Exercise description:
All of the lines below need to be copied exactly, apart from the pictures.

Supplied information:
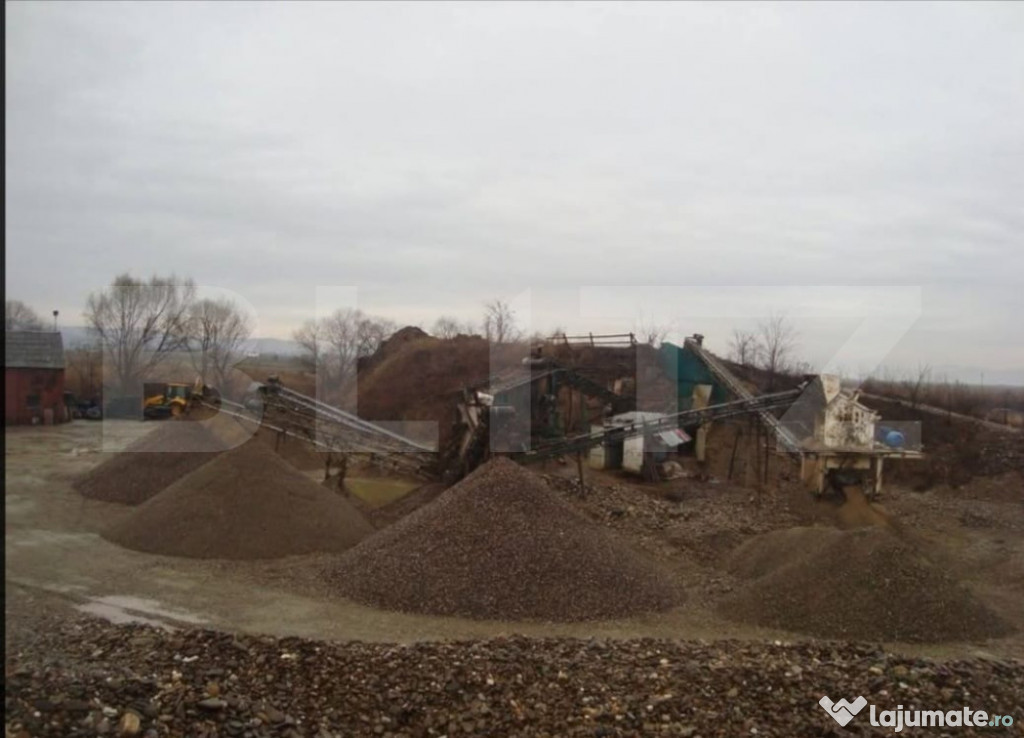 BLITZ oferă spre vânzare o balastieră complet funcțională, situată strategic în zona Mocod, jud. Bistrița-Năsăud, într-o regiune cu acces facil către drumuri principale și piețe regionale de construcții și infrastructură.Proprietatea se desfășoară pe o suprafață generoasă de 6 hectare, aflată integral în exploatare, și este dotată cu o gamă completă de utilaje profesionale pentru extracție, transport, prelucrare agregate și lucrări conexe.
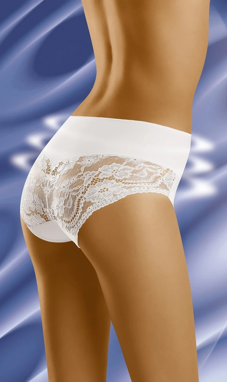 Dámské kalhotky z mikrovlákna, zadní část dekoruje ažurová krajka s květinovým motivem, horní linie hladká.
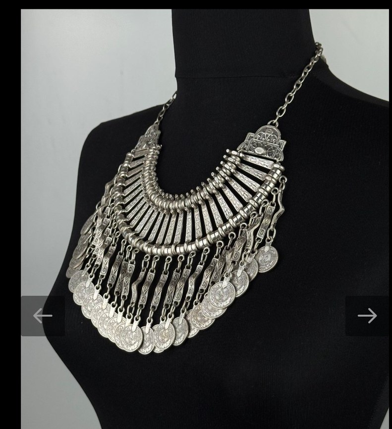 Mat gümüş renkli, bohem tarzda detaylı zincir ve madeni para süslemeli uzun kadın kolyesi, günlük kullanıma uygundur. ✨

Task solution:
 BLITZ oferă spre vânzare o balastieră complet funcțională, situată strategic în zona Mocod, jud. Bistrița-Năsăud, într-o regiune cu acces facil către drumuri principale și piețe regionale de construcții și infrastructură.Proprietatea se desfășoară pe o suprafață generoasă de 6 hectare, aflată integral în exploatare, și este dotată cu o gamă completă de utilaje profesionale pentru extracție, transport, prelucrare agregate și lucrări conexe.
 Dámské kalhotky z mikrovlákna, zadní část dekoruje ažurová krajka s květinovým motivem, horní linie hladká.
 Mat gümüş renkli, bohem tarzda detaylı zincir ve madeni para süslemeli uzun kadın kolyesi, günlük kullanıma uygundur. ✨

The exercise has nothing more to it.